Some of you may have read about the annoying comments I have had so far from various people, my mum and dad being the worst becasue they lost 4 babies prematurely ( 2 at 20 weeks 2 at 30 weeks) and I was born at 28 weeks but survived!!

I understand that they have bad experiences, but mum gave birth to me, and to my brother and sister after me, I have friends who have miscarried, as have I in the early stages and we have simply focussed on the babies we have (and in my case the healthy baby I am carrying).

I am as low risk as you can get, and keep telling mum that I'm completely different to her and that I do understand her experience and comfort her..

But literally its all the time, "we can't buy anything" its bad luck, and if we do go and help you buy a travel system "what happens if you lose the baby, can you get a refund?".

I know you have to keep an open mind, but honestly its kind of crushing my pregnancy experience as my folks just can't get excited for me, not until the baby comes out healthy.

RARRHH!!

Replies


  • hi,

    Parents....hey....they think they are doing the right thing, but sometimes they just dont.......
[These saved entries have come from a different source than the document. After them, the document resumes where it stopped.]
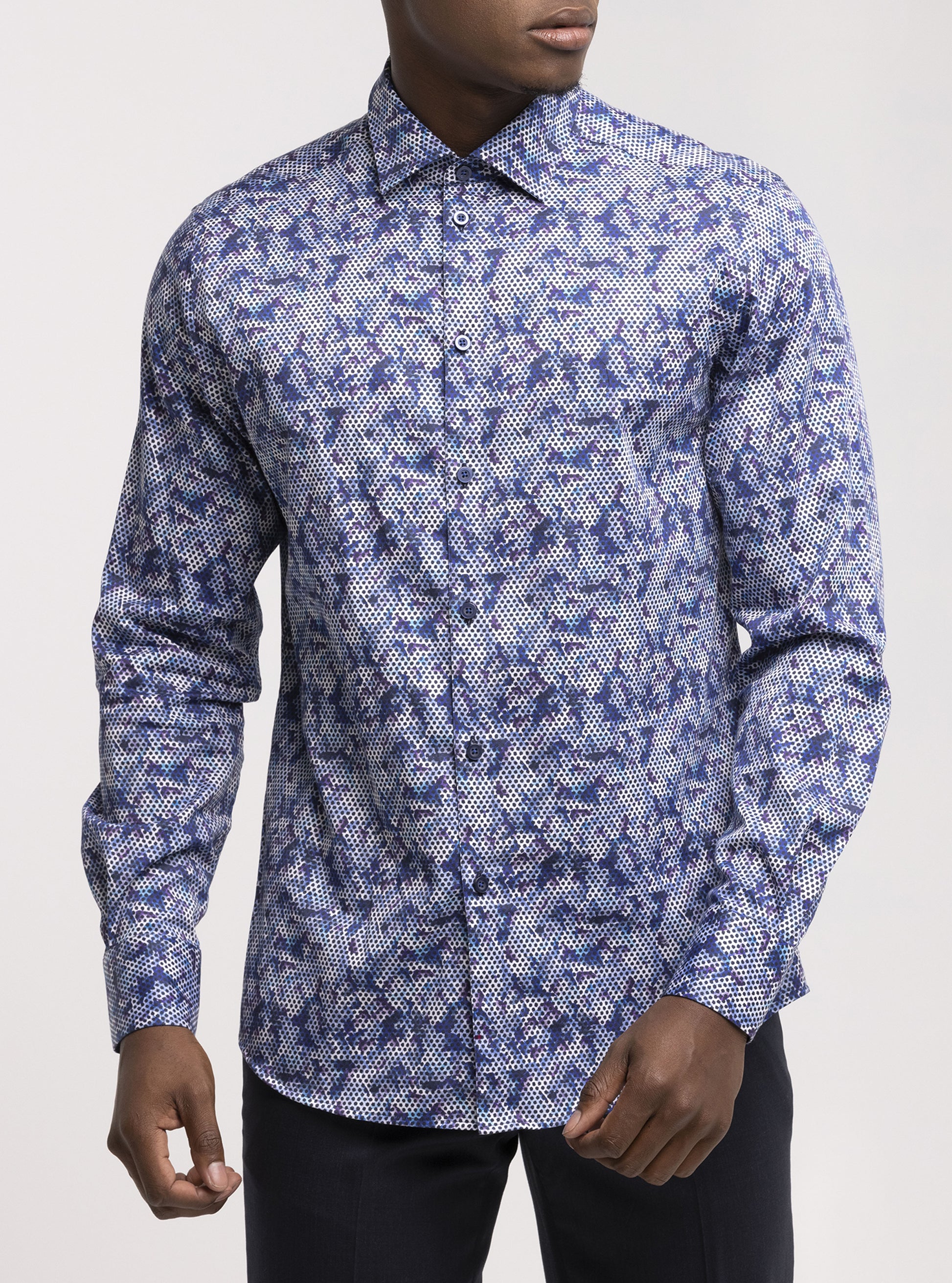 Upgrade your style with a stretch mercerized cotton shirt designed with a bold network print and sleek contrast trims. Stain resistant fabric makes maintenance effortless.
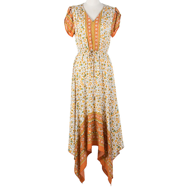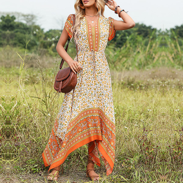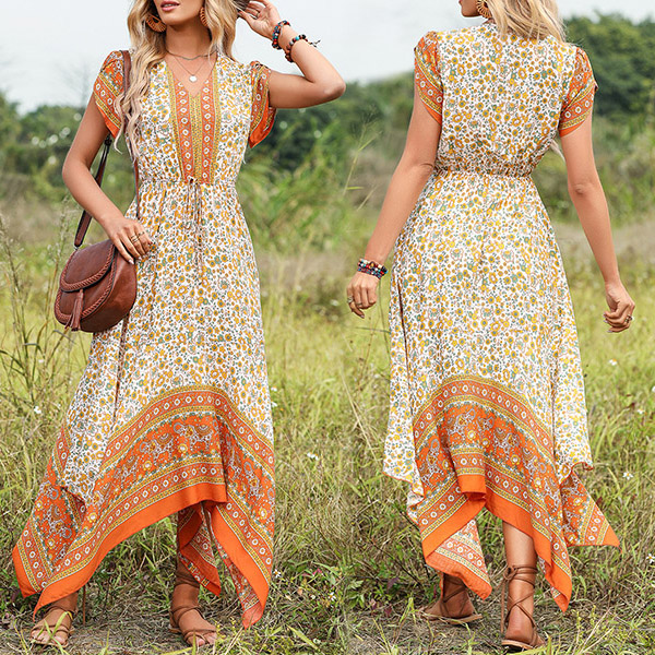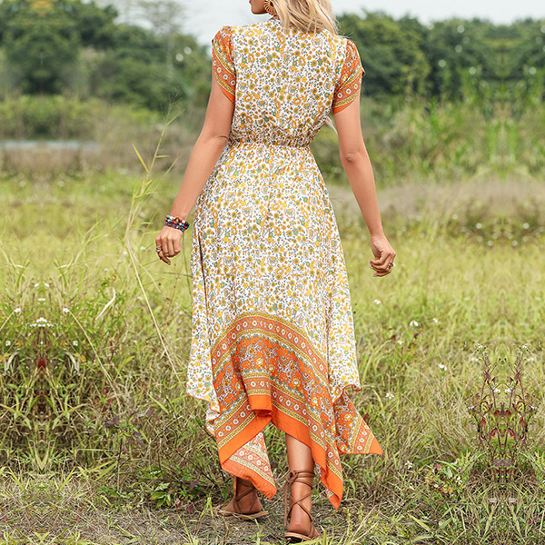 Bohemian Style V-neck Short Sleeve Irregular Hemline Midi Dress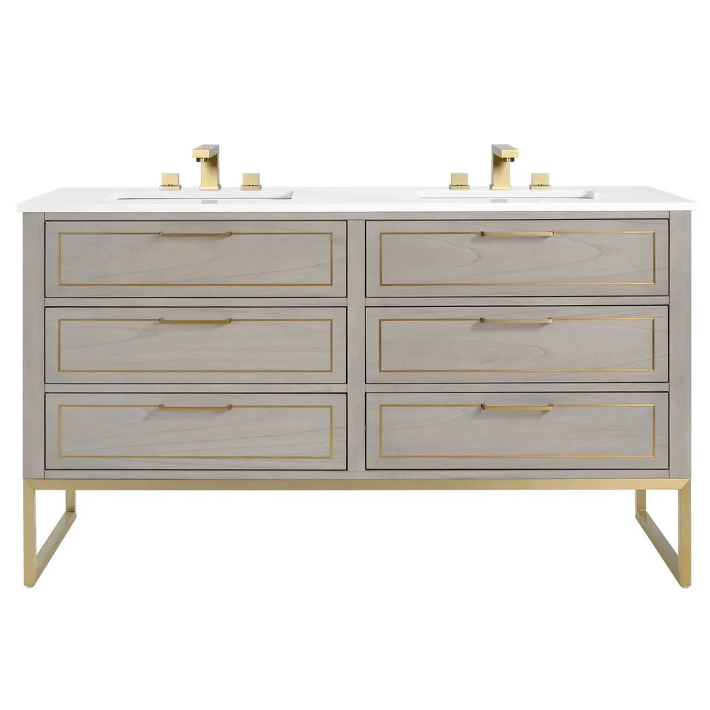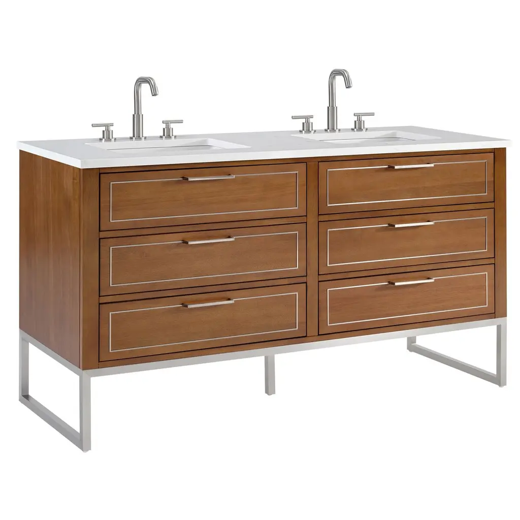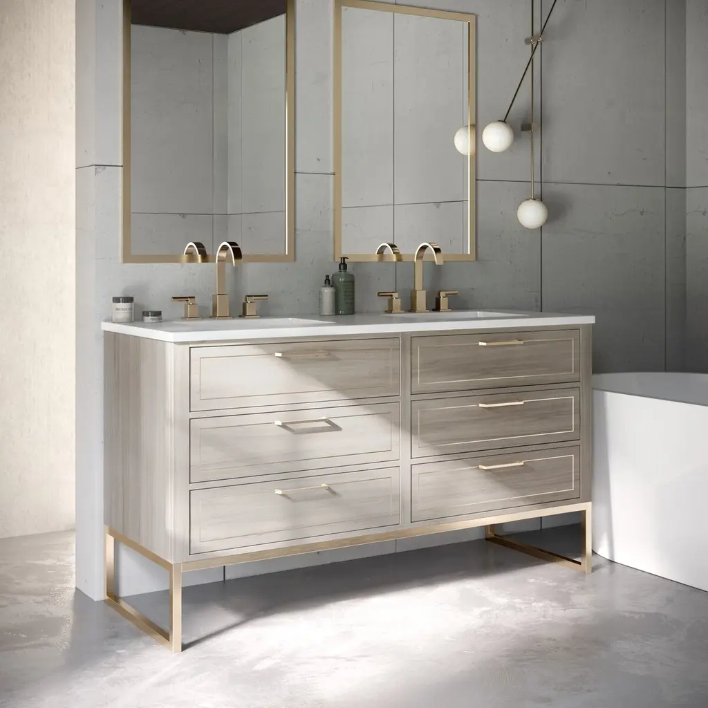 The Markham Bathroom Vanity collection exudes stately elegance, characterized by its clean lines and striking material contrasts. Each vanity features a three to six-drawer cabinet that traces every angle with urbane style and presence. Elevated on a sophisticated frame, the drawers are adorned with real wood veneer, offering a choice of finishes that enhance its refined appeal. Slim, soft-glide horizontal pulls and delicate metal inlays accentuate the facade, adding to its sophisticated charm. This collection is designed to bring a touch of luxury and timeless elegance to any bathroom setting. (Faucet not included)

    You are still their little girl and they just don't want the hurt that they went through....

    have you actually tried to talk to them to say that although you understand they have your feelings at heart that it is started you get you down....

    perhaps you could buy stuff and just hide it away so that don't know you have brought it....

    xxxx
  • I have started buying loads of things, and mum has said that next weekend they will come looking for travel systems, but they just don't seem really excited as its always overshaddowed by their feelings of remorse.. I guess I keep pushing it because I'm excited and I want them to share my excitement, but hey ho, I'm sure they'll come around sooner or later! X
  • Good grief. I know that your mum has had a very hard time, but come on.

    Having had a mmc which was discovered at the 12 week scan, I can empathise with how she must feel, but to be so negative (especially to her own daughter!) during someone else's pregnancy is just not on. There has to come a point where you put your bad experiences behind you and accept that you were unlucky but that doesn't mean that everyone else will be unlucky too.

    I admit that yes, sometimes even now I worry that I am jinxing this baby, but you can't live your life like that - you can't live in fear forever. I think your mum needs to understand that.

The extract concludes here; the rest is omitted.